The recently concluded general election is a curious one. The incumbent government, i.e., the BJP-led NDA, retruned to power for the third time in a row, which has happened only twice in the history of this country. Within the BJP, however, there was a palpable sense of doom and gloom exemplified by Prime Minister Narendra Modi, who himself was looking quite morose. The Opposition, on the other hand, had lost a general election for the third consecutive time. But instead of being dejected, they looked quite invigorated, even demanding that the Prime Minister take moral responsibility and resign from his position. This was not only the view of the Opposition, but a well-known psephologist, who had in the past made the statement on a national channel that you cannot be anti-Hindu and win in the country anymore, also suggested that Narendra Modi should quit politics and retire. Of course, that was never going to happen unless there was an internal rebellion, with the BJP itself demanding a change of leadership.

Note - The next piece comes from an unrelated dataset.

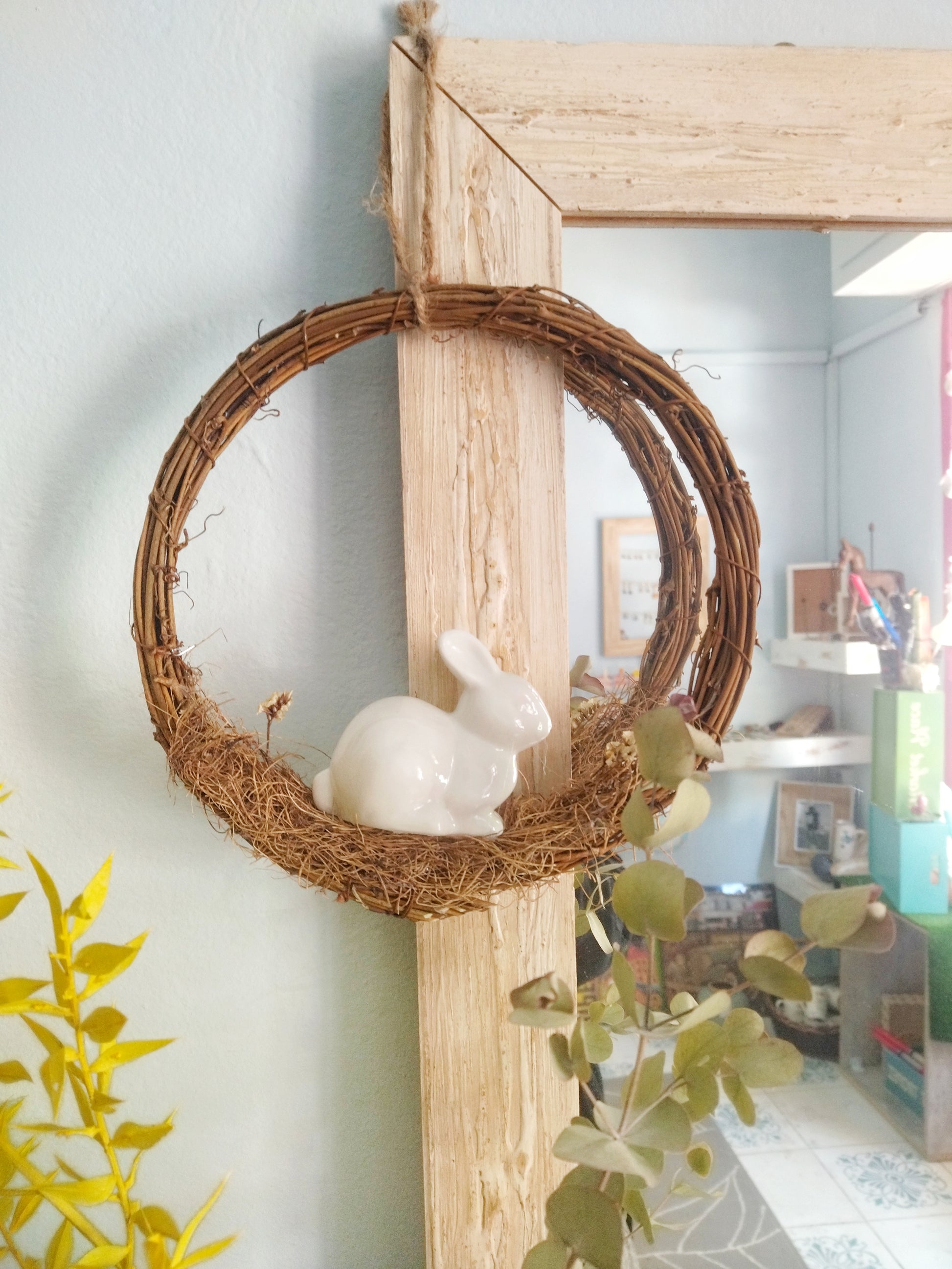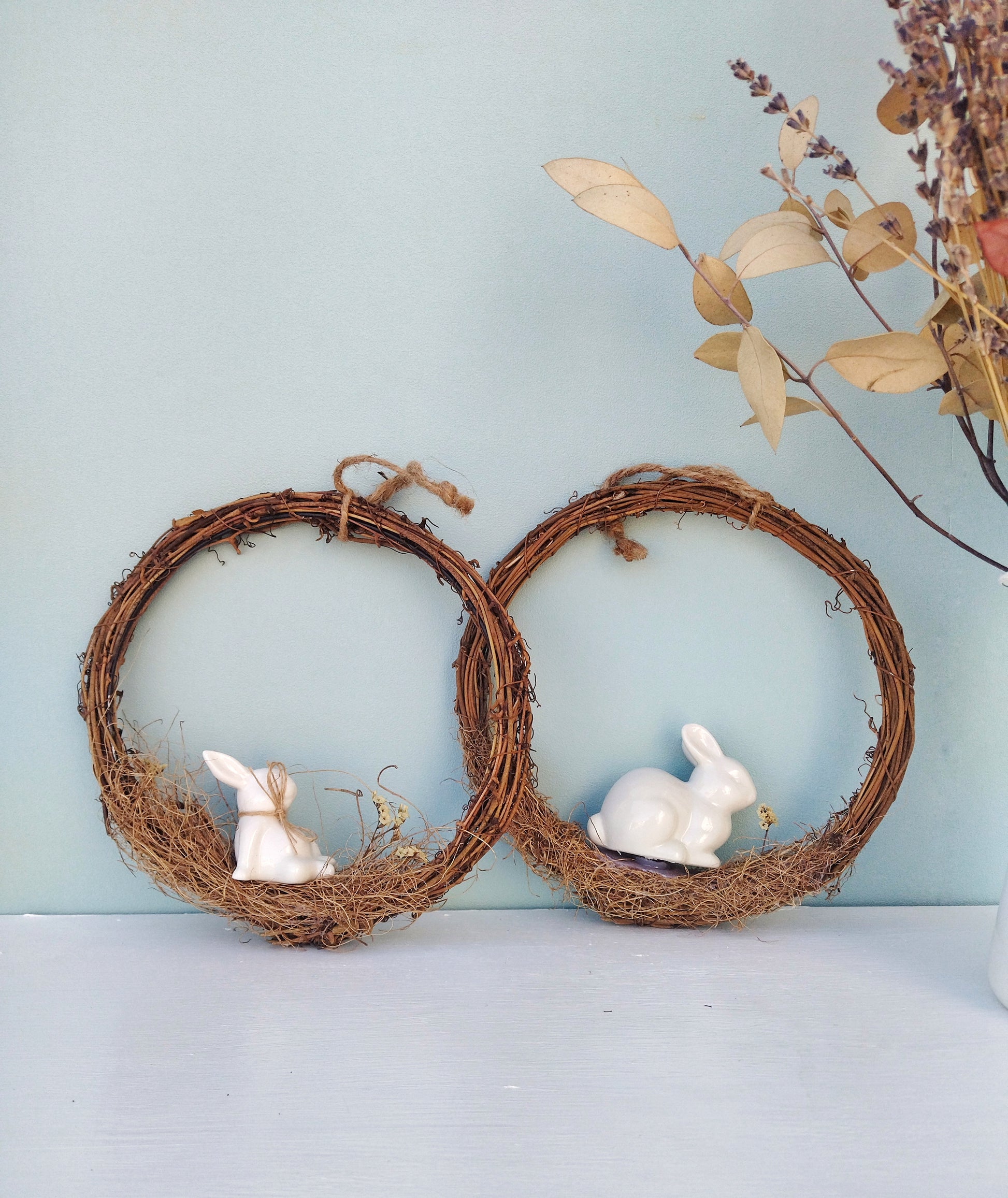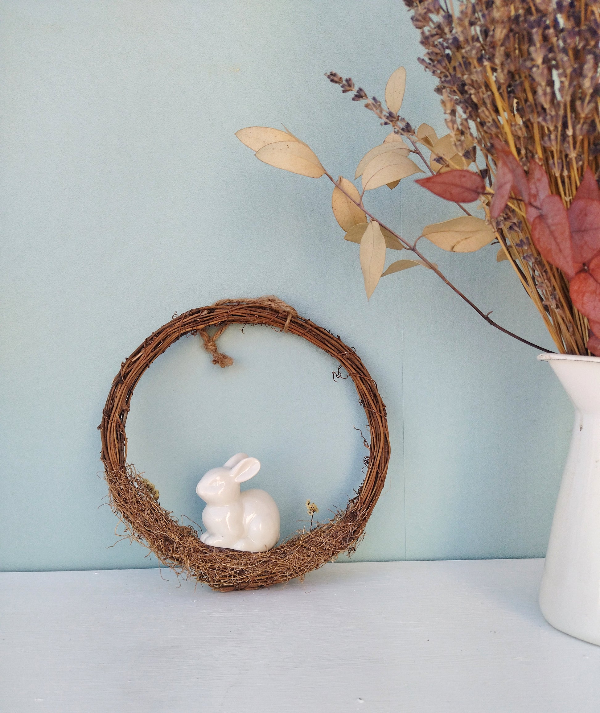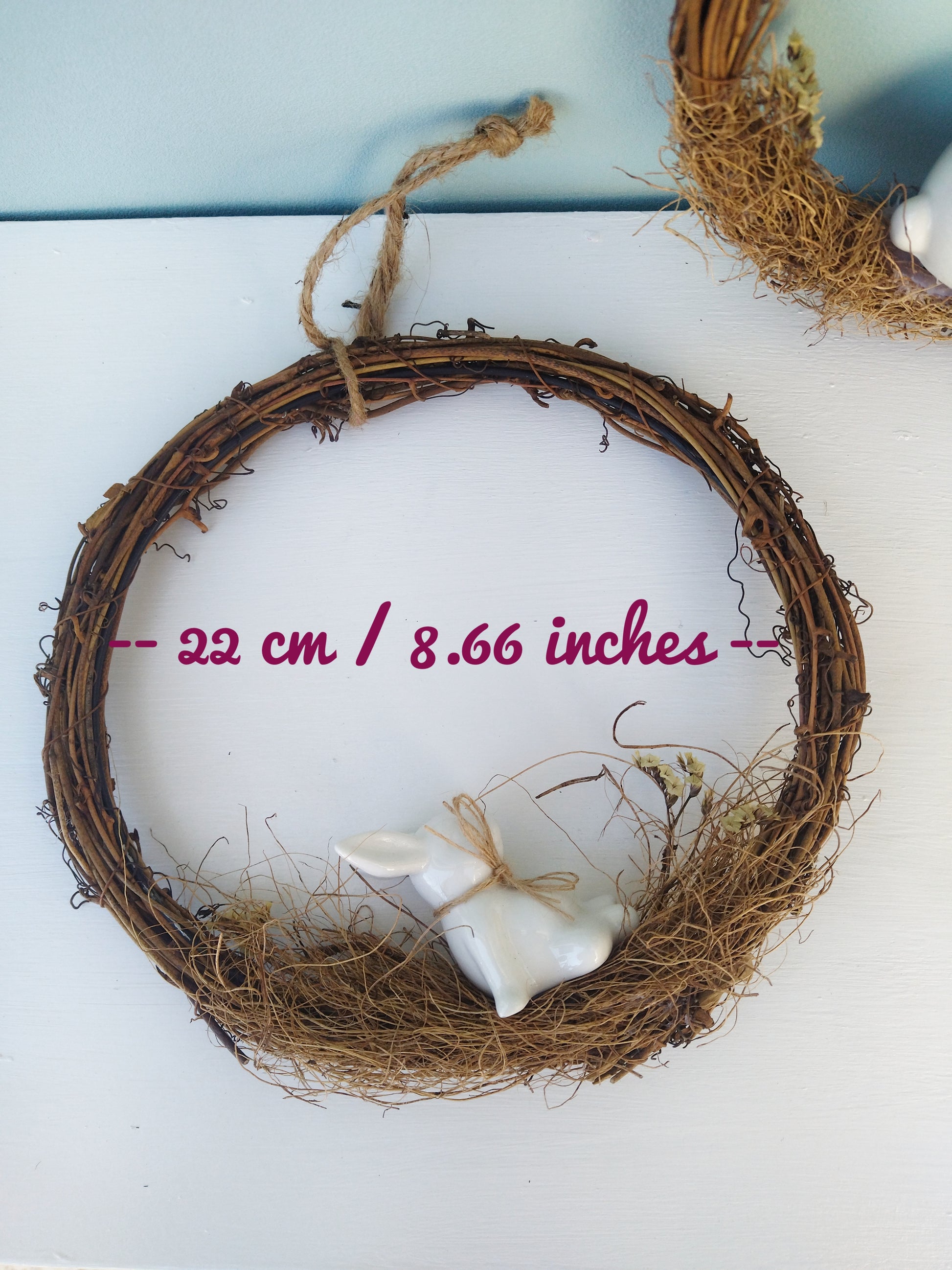 Το πιο χαριτωμένο στεφάνι! Χειροποίητο στεφάνι από αποξηραμένες κλιματσίδες με πορσελάνινο λαγουδάκι. Ιδανικό για την πασχαλινή σας διακόσμηση και όχι μόνο..

With the way Narendra Modi made the election campaign all about himself, referring to himself in the third person while making promises or dissing the Opposition, one can reasonably claim it was not the BJP but Modi who was fighting the election. The fact that BJP lost their majority for the first time in ten years does make a case for a change of leadership. There are still five years left to go for this NDA government, and a change might still happen depending on the results of the assembly elections, but at the moment, Narendra Modi is safe. However, what cannot be denied is that the BJP-led NDA is still forming the government. So, why is the Opposition delighted with the election results? This is where context becomes very important.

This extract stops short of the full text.